Cukup lama Dilla mandi, ia sengaja melakukannya agar James tidur duluan karena ia merasa gugup. Saat memastikan suaminya sudah tidur ia segera keluar dari kamar mandi.


"Syukurlah dia sudah tidur," ucapnya lega


Saat ia membalikkan badannya tiba-tiba James menariknya hingga ia jatuh kedalam pelukannya.


"Apa kau akan membiarkan suamimu menunggu begitu lama?" tanya James berusaha membuka piyama Dilla.


"Slow, jangan buru-buru gitu dong, kan jadi gak asyik. Bentar gue pakai baju **** dulu biar lebih hot!" sahut Dilla


"Tapi gue udah gak sabar," jawab James mendekatkan wajahnya kearah Dilla membuat wanita itu langsung memejamkan matanya.


Tiba-tiba terdengar suara perut keroncongan James membuat Dilla seketika membuka matanya.


"Sekarang cepat ganti baju, aku sudah sangat kelaparan," jawab James melepaskan pelukannya


"Ok,"


Aku kira mau gituan, ternyata dia ngajak makan karena kelaparan. Sumpah malu banget gue,


James kemudian menunggu Dilla di luar, tak lama wanita itu keluar dengan menggunakan gaun malam yang terlihat begitu cantik.


Keduanya kemudian menuju meja makan dimana keluarga besar James sudah menunggunya.


"Selamat makan," ucap salah seorang pelayan setelah menyajikan berbagai makanan di meja mereka


"Makan malam ini adalah sebuah ceremony jika kamu sudah di terima sebagai keluarga Arthur, jadi tolong jaga nama baik keluarga kami," ucap James membuat Dilla mengangguk paham.


Selesai makam malam James mengajak Dilla kembali ke kamarnya.

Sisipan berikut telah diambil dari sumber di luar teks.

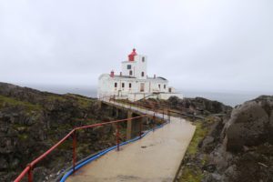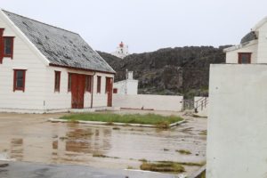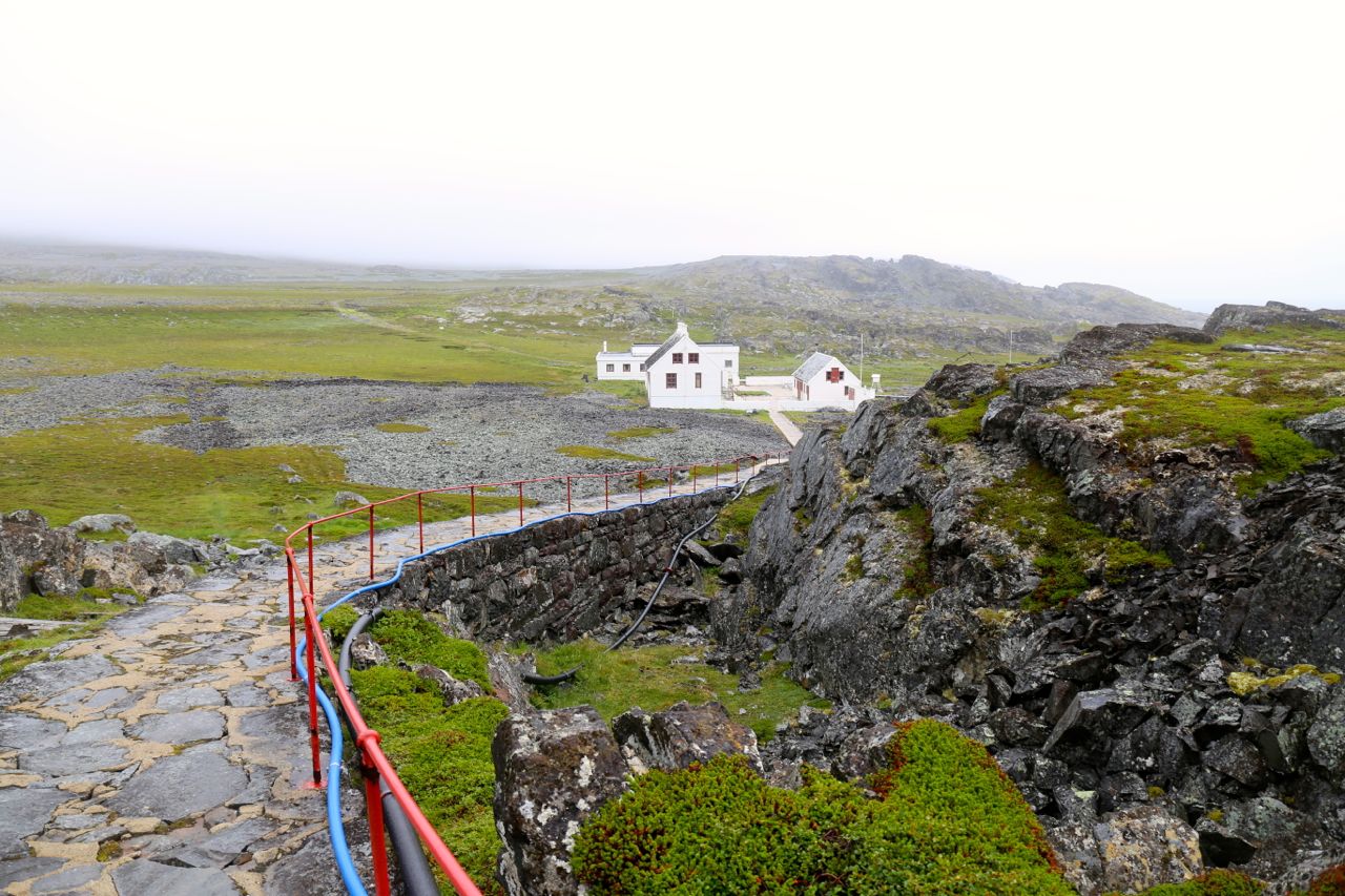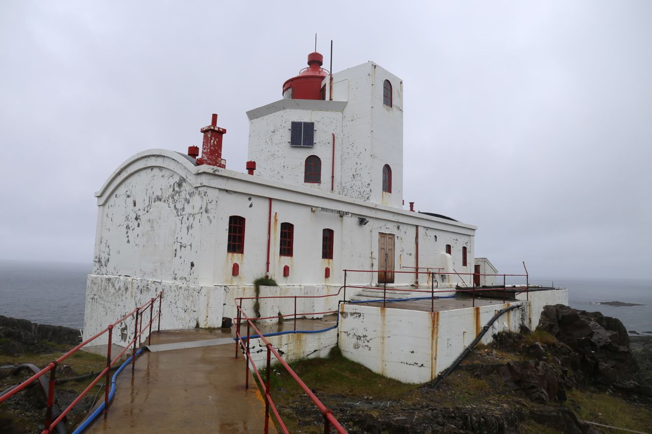 er, uthus og tufter etter bolig og uthus. Bygningene ble revet så sent som på 1980-tallet og en dårlig tilpasset bygning som i dag brukes til bolig og maskinhus, ble satt opp utenfor tunet. En støpt vei fører ned til naust og landing. Fyrbygningen har en dominerende plassering på toppen av en knaus i et opprevet fjellandskap, og fyrbygningen er en av landets mest særpregede.
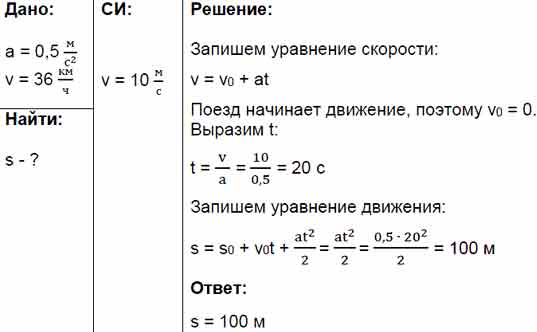 Скорый поезд, отходя от станции, движется равноускоренно с ускорением 0,5 м/с2. На каком расстоянии от станции он будет иметь скорость, равную 36 км/ч
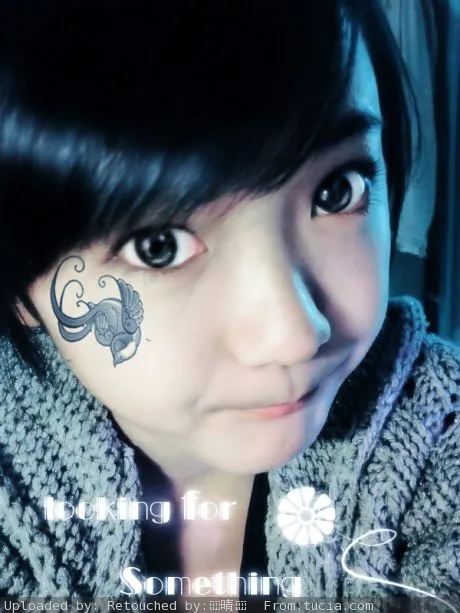 想在脸上加一个纹身,改变照片的颜色,弄可爱点吧 呵呵
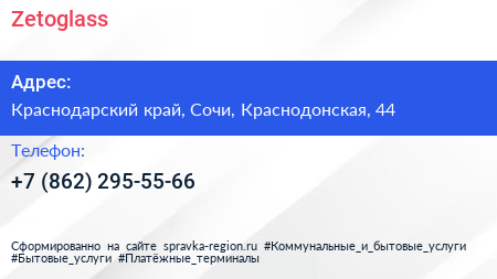 Zetoglass по адресу Краснодарский край, Сочи, Краснодонская, 44 в дальнейшем Организация, размещена в следующих категориях:
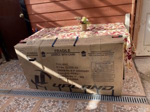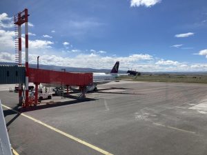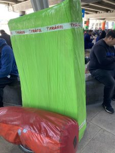 Es passiert selten, dass Chilenos vor der verabredeten Zeit da sind, aber der Transfer zum Flughafen erschien schon kurz nach 8 Uhr (statt zwischen halb Neun und Neun) an der Hospedaje. Ich war aber schon mit Frühstück fertig. Dann ging es kreuz und quer mehrfach durch Coyhaique (eine Reisende war noch nicht soweit, die Adresse wurde später nochmal angefahren), bis um 9 Uhr alle Passagiere eingesammelt waren. Um 10 Uhr waren wir dann am Flughafen von Balmaceda (außer Autovermietungen gibts da kaum etwas) und ich konnte mich in die Schlange am Check-In einreihen. Der Flug um kurz vor 12 Uhr war etwas unruhig, deshalb fiel der Bordservice aus. Zum Glück hatte ich noch Kekse dabei. Die Ankunft in Santiago um 14:15 fand am hintersten Gate statt, bin bestimmt 15 Minuten zur Gepäckausgabe gelaufen. Der Radkarton kam ziemlich zerfleddert an. Nach einer notdürftigen Reparatur habe ich mein Gepäck zum internationalen Terminal geschoben und den Karton dort einwickeln lassen. Lustigerweise gibts keine Gepäckaufbewahrung, also durfte der kostenlose Transfer zum Hotel alles mitnehmen. Wie überall ist das Flughafenhotel (selbes WLAN Passwort wie vor 3 Jahren) in einer öden Gewerbegegend, ich musste einen Kilometer zum nächsten Restaurant (hab mich für einen Peruaner entschieden, hatte aber kein Cuy) laufen. Wenigstens ist es 23 Grad warm und sonnig, leider ist der Hotelpool zu. Dort gab es auch einen kleinen Laden, hab also jetzt Bier und Gebäck für heute Abend.
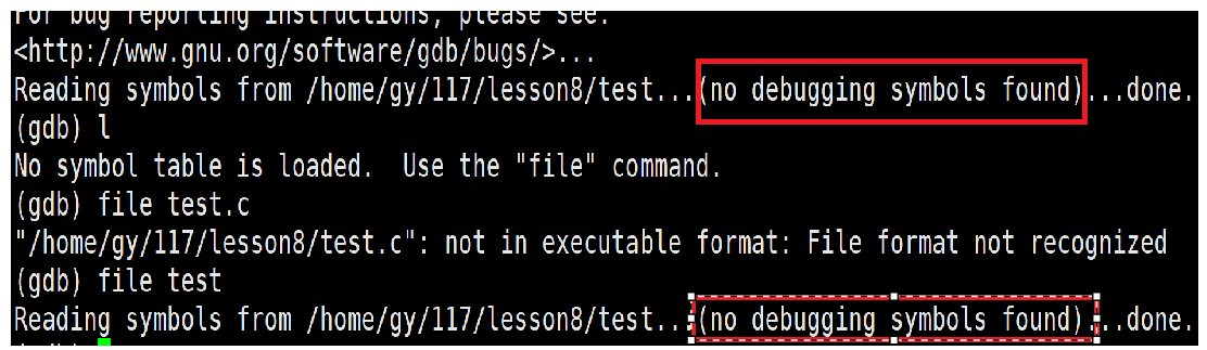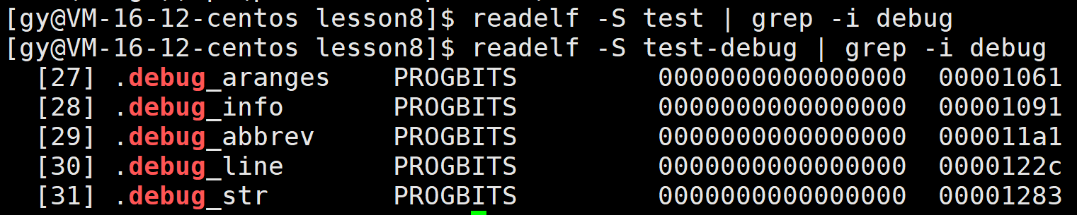 由于默认是生成release版本,所以test中无调试信息,没有debug信息,test-debug是debug版本,所以查找到了debug相关信息
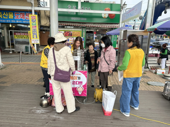 | 김천시종합자원봉사센터(센터장 김경희)에서는 전통시장의 활기를 북돋아 주고자 온누리봉사단(회장 이숙이)과 여성대학봉사단(회장 배낙임)은 지난 4월 10일 오일장 평화시장 만남의 광장에서 따뜻한 음료 제공과 민속경기로 시장을 찾은 시민들에게 행복함을 안겨주었다.
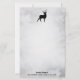 Papel de papelaria com uma imagem com uma rena de silhueta preta com grandes galhadas. fundo de cor d'água da cinza.
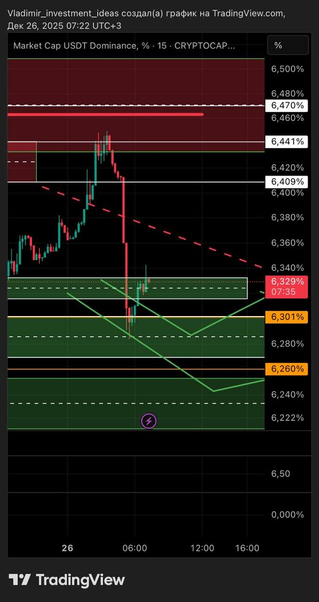 #USDT.D оранжевый уровень достигнут) жду отскок от сюда или чуть ниже от 6.260% что отправит биток снова вниз
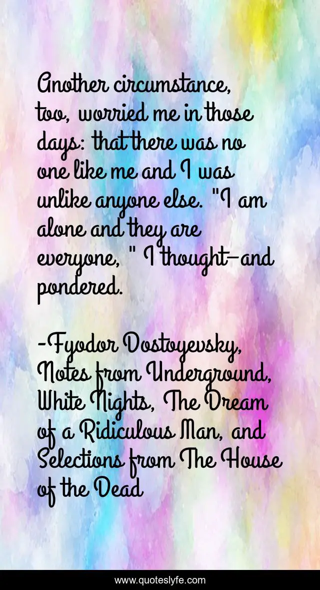 This page presents the quote "Another circumstance, too, worried me in those days: that there was no one like me and I was unlike anyone else. "I am alone and they are everyone, " I thought–and pondered.". Author of this quote is Fyodor Dostoyevsky, Notes from Underground, White Nights, The Dream of a Ridiculous Man, and Selections from The House of the Dead. .
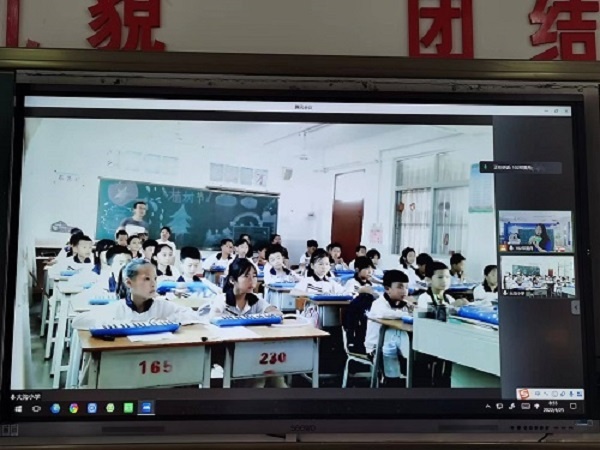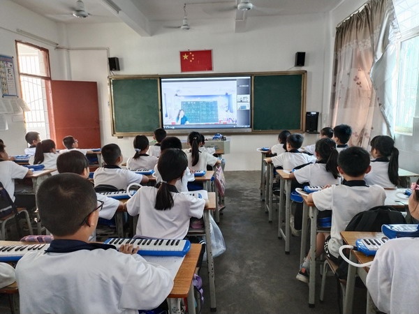 一根網(wǎng)線,一塊屏幕,將相距四百多公里的兩校師生緊緊連在一起。姚敏鳳老師的口風(fēng)琴課教同學(xué)們認(rèn)識(shí)口風(fēng)琴、學(xué)做手指操、學(xué)習(xí)手型、認(rèn)識(shí)鍵盤、學(xué)習(xí)呼吸并且學(xué)習(xí)吹奏歌曲《搖啊搖》。潘玉迪老師的《吃瓜果的人》美術(shù)課,深深吸引了大溝小學(xué)二年級(jí)的同學(xué)們,用欣賞小朋友吃瓜果的表情視頻進(jìn)行課堂導(dǎo)入,通過講解知識(shí)點(diǎn)、微課講解繪畫步驟及教師示范教同學(xué)們畫吃瓜果的人。兩節(jié)藝術(shù)課帶給大溝小學(xué)的同學(xué)們以別開生面的體驗(yàn),孩子們興趣盎然、樂在其中。
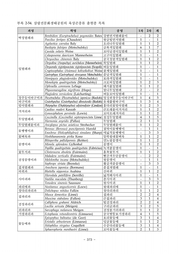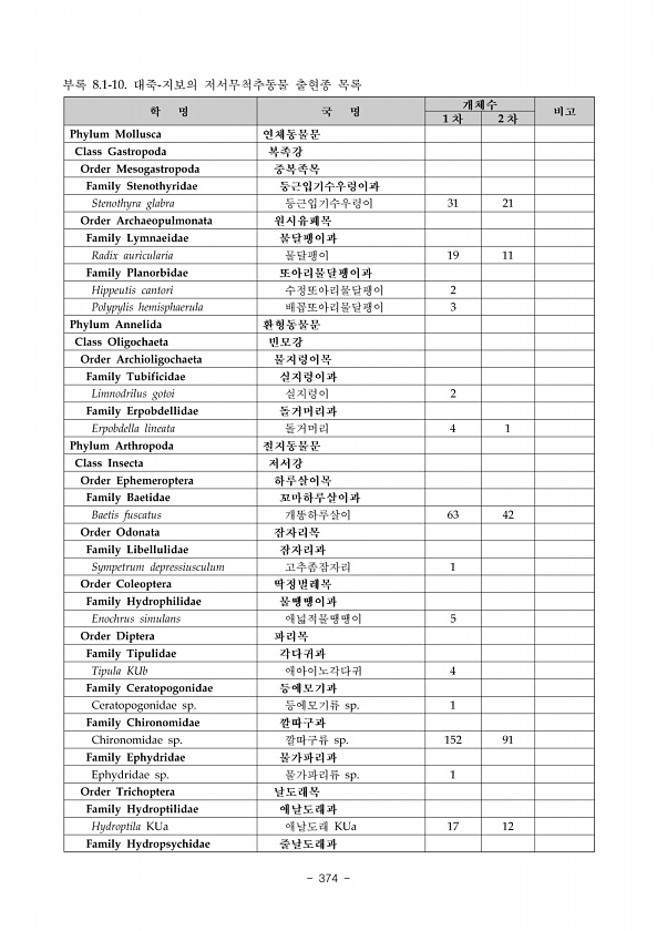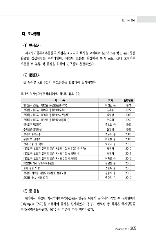 Ⅱ. 조사결과 www.nie.re.kr ? 365 다. 조사방법 1 현지조사 저서성대형무척추동물의 채집은 조사지의 특성을 고려하여 hand net 및 D-net 등을 활용한 정성채집을 수행하였다. 채집된 표본은 현장에서 94% ethanol에 고정하여 보존한 후 분류 및 동정을 위하여 연구실로 운반하였다. 2 문헌조사 종 동정은 표 99 의 참고문헌을 활용하여 실시하였다. 제 목 저자 발행년도 한국동식물도감 제12권 동물편 곤충류Ⅳ 이창언 등 1971 한국동식물도감 제19권 동물편 새우류 김훈수 1977 한국동식물도감 제30권 동물편 수서곤충류 윤일병 1988 한국동식물도감 제32권 동물편 연체동물Ⅰ 권오길 1990 원색한국패류도감 권오길 등 1993 수서곤충검색도설 윤일병 1995 한국의 수서곤충 원두희 ...
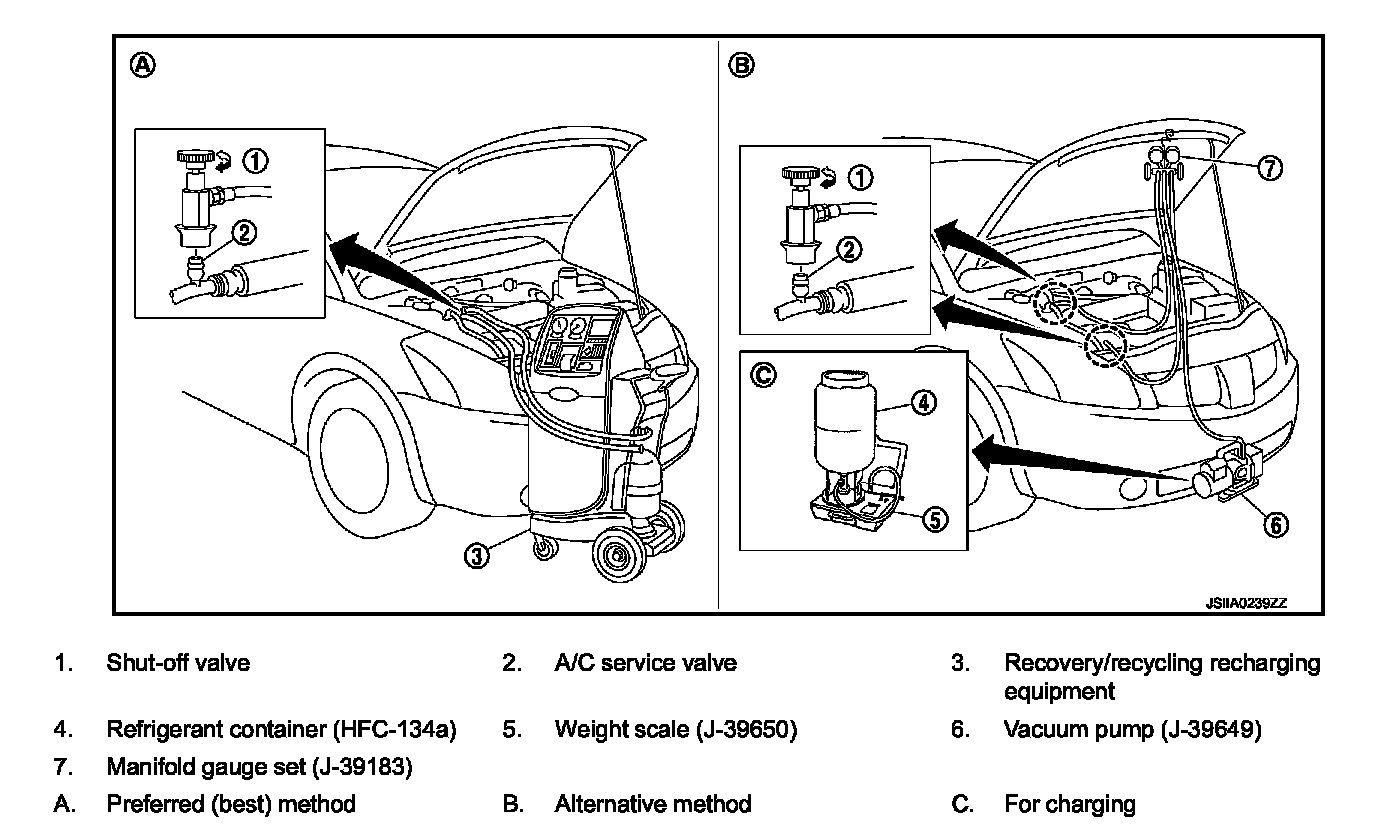 1. Connect recovery/recycling recharging equipment or manifold gauge set (SST: J-39183).

Ia kemudian menuju balkon untuk menikmati indahnya pemandangan malam hari.


"Wah Indah sekali pemandangannya," ucap Dilla berdecak kagum


"Itulah Kenapa aku lebih memilih kamar ini dibanding kamar-kamar lain yang lebih besar. Selain aku bisa melihat pemandangan kota Jakarta, aku juga bisa menikmati indahnya cahaya purnama dari sini," jawab James


"Sekarang kita sudah menikah, lalu apa rencana mu kedepannya?" tanya Delia


"Meskipun awalnya aku hanya memintamu menjadi istri pura-pura demi menjaga nama baik keluarga ku, Tapi sekarang aku sadar jika aku sudah jatuh hati padamu dan ingin kau menjadi istriku sungguhan. Tapi aku tak bisa memaksamu jika kau tidak mencintai ku, aku akan tetap mengakhiri pernikahan kita sesuai perjanjian kita," jawab James


"Kata siapa aku tidak mau menjadi istrimu," jawab Dilla membuat James tak percaya Mendengarnya


"Jadi kau mau menjadi istriku sungguhan?"


"Tanpa kau tanya pun aku sudah menjadi istri sungguhan mu. Karena bagiku tidak ada pernikahan main-main," jawab Dilla membuat James langsung menciumnya


James yang terlalu bahagia terus menciumi istrinya itu hingga ia kesulitan bernafas.


"Wah, ternyata kau ganas juga sampai tak membiarkan aku bernafas!" seru Dilla membuat James langsung menggendong gadis itu dan membawanya masuk ke kamarnya.


*The End*


Maaf ya ceritanya begitu singkat, Thanks buat teman-teman yang udah setia baca dari awal sampai akhir.